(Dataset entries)
____________
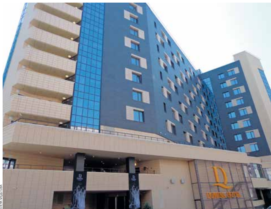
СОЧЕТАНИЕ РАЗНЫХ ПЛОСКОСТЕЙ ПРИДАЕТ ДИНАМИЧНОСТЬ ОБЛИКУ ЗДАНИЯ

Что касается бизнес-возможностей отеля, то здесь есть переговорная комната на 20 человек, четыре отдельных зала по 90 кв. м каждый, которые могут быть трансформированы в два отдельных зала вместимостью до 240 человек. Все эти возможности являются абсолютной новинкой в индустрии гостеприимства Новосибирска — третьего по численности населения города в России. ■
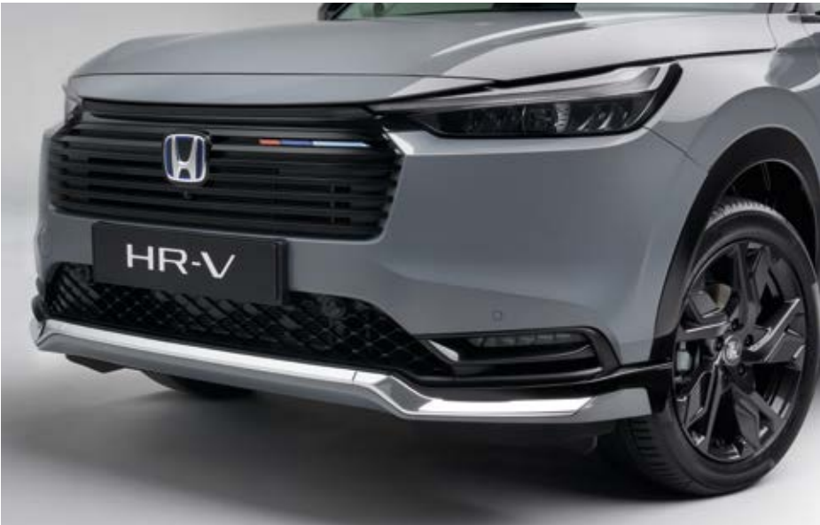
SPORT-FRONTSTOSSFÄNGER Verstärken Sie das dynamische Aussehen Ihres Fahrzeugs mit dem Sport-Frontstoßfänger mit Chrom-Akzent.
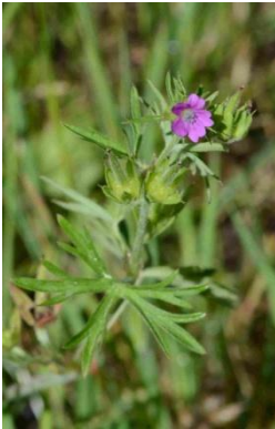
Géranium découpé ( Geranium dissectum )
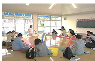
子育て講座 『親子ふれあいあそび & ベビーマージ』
____________
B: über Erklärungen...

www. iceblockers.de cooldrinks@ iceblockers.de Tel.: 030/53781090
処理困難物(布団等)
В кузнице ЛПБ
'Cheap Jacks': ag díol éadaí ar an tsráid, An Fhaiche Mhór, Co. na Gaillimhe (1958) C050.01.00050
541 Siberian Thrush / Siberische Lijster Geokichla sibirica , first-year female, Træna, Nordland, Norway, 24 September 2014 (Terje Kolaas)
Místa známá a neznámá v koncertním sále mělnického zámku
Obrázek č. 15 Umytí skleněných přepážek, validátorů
____________
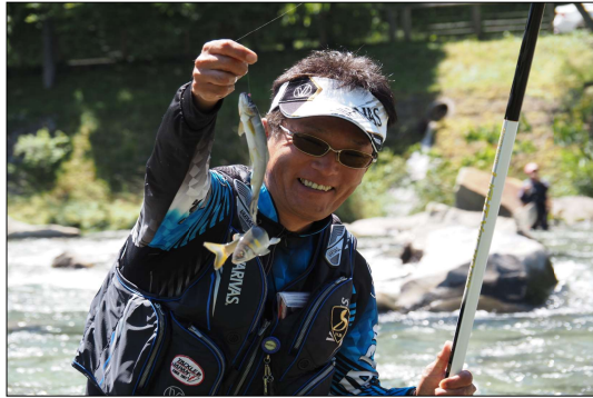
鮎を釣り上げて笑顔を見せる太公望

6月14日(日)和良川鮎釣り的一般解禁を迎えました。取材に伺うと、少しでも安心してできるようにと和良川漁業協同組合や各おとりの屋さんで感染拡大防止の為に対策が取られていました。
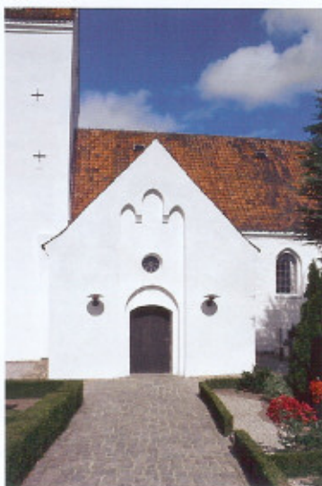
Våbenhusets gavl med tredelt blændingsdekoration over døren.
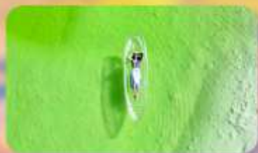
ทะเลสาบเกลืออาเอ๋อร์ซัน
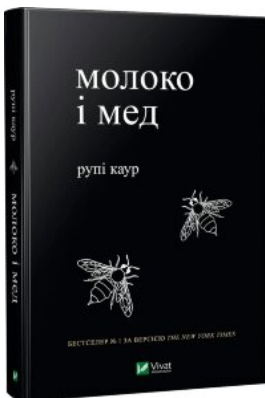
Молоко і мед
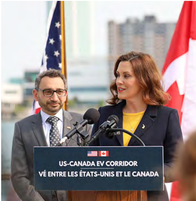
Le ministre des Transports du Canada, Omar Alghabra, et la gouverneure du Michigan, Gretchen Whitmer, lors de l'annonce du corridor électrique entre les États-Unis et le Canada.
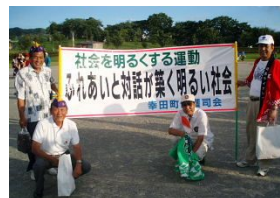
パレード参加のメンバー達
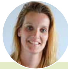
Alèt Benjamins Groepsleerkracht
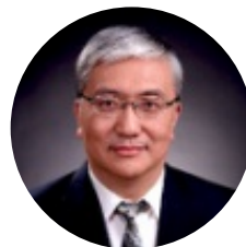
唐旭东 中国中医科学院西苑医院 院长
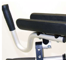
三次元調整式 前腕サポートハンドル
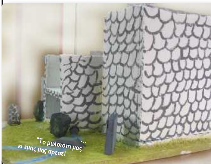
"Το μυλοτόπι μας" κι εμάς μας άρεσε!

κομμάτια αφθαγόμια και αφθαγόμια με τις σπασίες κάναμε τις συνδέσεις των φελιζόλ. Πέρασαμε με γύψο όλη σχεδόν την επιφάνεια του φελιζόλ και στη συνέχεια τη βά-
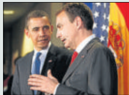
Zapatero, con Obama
____________
- [Exercise description]:
Quote word for word only the lines above from the one containing "Géranium découpé ( Geranium dissectum )" through the one containing "子育て講座 『親子ふれあいあそび & ベビーマージ』". Pictures stay out of your copy.

- [Response box]:
Géranium découpé ( Geranium dissectum )
子育て講座 『親子ふれあいあそび & ベビーマージ』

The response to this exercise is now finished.